As each antigen-combining site is formed by the variable domains of both heavy (H) and light (L) chains, VH and VL, respectively, one of the initial challenges in bsAb development (quadromas coexpressing two H and two L chains) was in obtaining sufficient yield of the functional bsAb from the mixture of 10 possible H2L2 combinations (6). Since then, strategies to circumvent H-L chain mispairing [e.g., common L chain (7), species-restricted H-L chain pairing (8), crossover of CL and CH1 domains (9)] in combination with strategies to promote heterodimerization of the two H chains [e.g., “knobs-into-holes” (7), electrostatic steering (10), strand-exchange engineered domains (SEED) (11)] have increased homogeneity and yield of the desired end product (2). Alternatively, approaches using additional VH-VL pairs (12), single-chain (sc)Fv (13–16), or domain antibody (dAb) (17, 18) fragments for target binding allow incorporation of multiple antigen-combining sites in a single polypeptide chain (or single HL pair), which also increases product homogeneity and yield, although often at the expense of the physicochemical and/or pharmacokinetic properties of these agents (1–4).
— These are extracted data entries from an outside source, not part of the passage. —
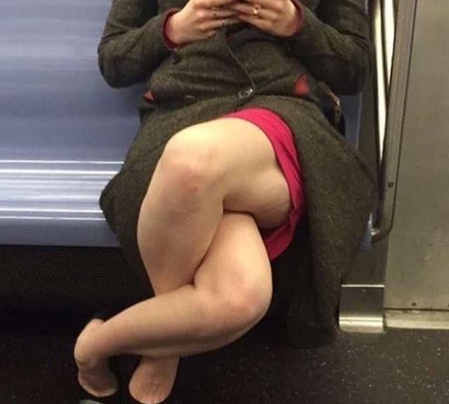 在地铁上,一女子的坐姿成功的吸引了很多人,这双脚的姿势能做的估计没多少人吧。
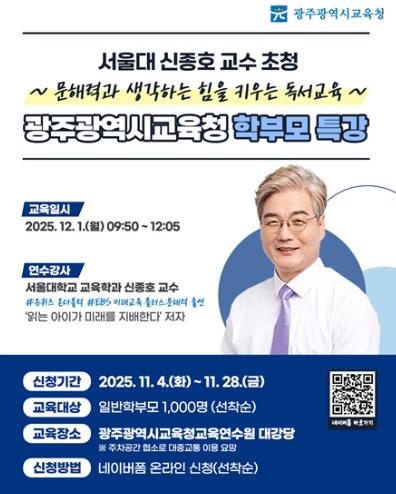 [뉴스노크=김인호 기자] 광주시교육청이 오는 12월 1일 오전 9시 40분 광주시교육청교육연수원 대강당에서 서울대학교 교육학과 신종호 교수 초청 학부모 특강을 진행한다.
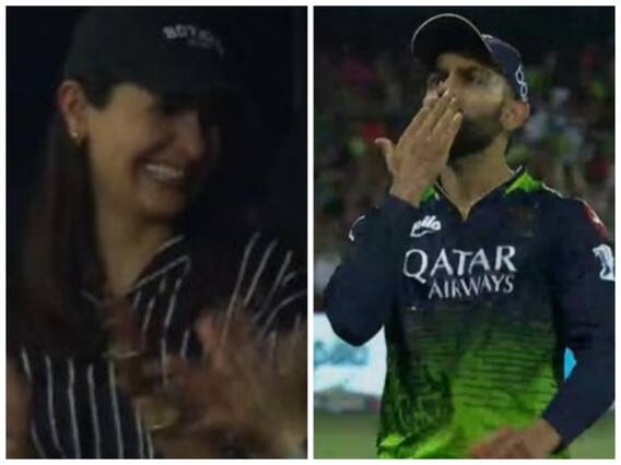 Virat Kohli Flying Kiss To Anushka Sharma: बॉलीवुड एक्ट्रेस अनुष्का शर्मा (Anushka Sharma) रविवार को आईपीएल मैच (IPL 2023) के दौरान पति विराट कोहली (Virat Kohli) को सपोर्ट करने के लिए एम चिन्नास्वामी स्टेडियम पहुंचीं. विराट कोहली की टीम रॉयल चैलेंजर्स बेंगलुरु, राजस्थान रॉयल्स के खिलाफ मैदान में उतरी. इस मैच के दौरान विराट कोहली ने कुछ ऐसा किया कि पत्नी अनुष्का शर्म से लाल हो गईं.

Human IgG4 molecules form bsAbs through a physiological process termed Fab-arm exchange (FAE), in which half-molecules (HL pairs) recombine with half-molecules from other IgG4 molecules (19) (Fig. 1A). This process occurs naturally in vivo and can be mimicked in vitro by the addition of mild reducing agents (19). The molecular determinants driving FAE in humans were identified by site-directed mutagenesis as residues S228 (19, 20), located in the IgG4 core hinge, and R409 in the IgG4 CH3 domain (21). Thus, whereas replacing either of these residues in IgG4 by their IgG1 counterpart (i.e., P228 or K409) blocked FAE both in vitro and in vivo, introducing both residues enabled IgG1 molecules to engage in FAE (21). Because breaking the covalent linkage between half-molecules is a prerequisite for FAE, residue S228 (opposed to P228) is thought to act by making the interheavy chain disulfide bonds more susceptible to reducing conditions (22). Dissociation of the noncovalently associated CH3 domains has been shown to be the rate-limiting step in the FAE reaction (23) and heavily dependent on the composition of the CH3–CH3 interface residues (24). Indeed, residue R409 decreased the CH3–CH3 interaction strength (compared with K409 in IgG1), thus enabling human IgG4 to engage in FAE (21).
Fig. 1.
Controlled Fab-arm exchange (cFAE). (A) Schematic representation of in vitro IgG4 Fab-arm exchange in dynamic equilibrium. IgG4 molecules containing permissive hinges (S228) and CH3 domains (R409) are incubated in the presence of reduced glutathione (GSH). (B) Schematic representation of in vitro generation of bsAbs by cFAE. IgG1 molecules containing stable WT hinges, and matched CH3 domain mutations are incubated in the presence of 2-MEA. (C) In silico model for the CH3K409R(blue)–CH3WT(orange) heterodimer interface. Modeling was done using PDB entry 1L6× for IgG1 Fc (28) and described previously (21). Only relevant side chains are shown in stick representation. The K409R substitution is depicted in green. Structural images were generated with PyMOL software (DeLano Scientific). (D) Matched CH3 mutations were identified by site-directed mutagenesis of residues Y407, L368, F405, K370, and D399. Bispecific antibodies obtained by cFAE (25 mM 2-MEA, 90 min at 37 °C) were assessed by dual-binding ELISA. Signals were normalized to that of the combination of IgG1-K409R-CD20 × IgG1-F405L-EGFR (orange bar). Residues present in WT IgG1 are indicated by arrows. Mixtures of IgG4-CD20 × IgG4-EGFR were included as reference (gray dashed line). Data represents the mean ± SEM of at least two separate experiments at a total antibody concentration of 1 μg/mL.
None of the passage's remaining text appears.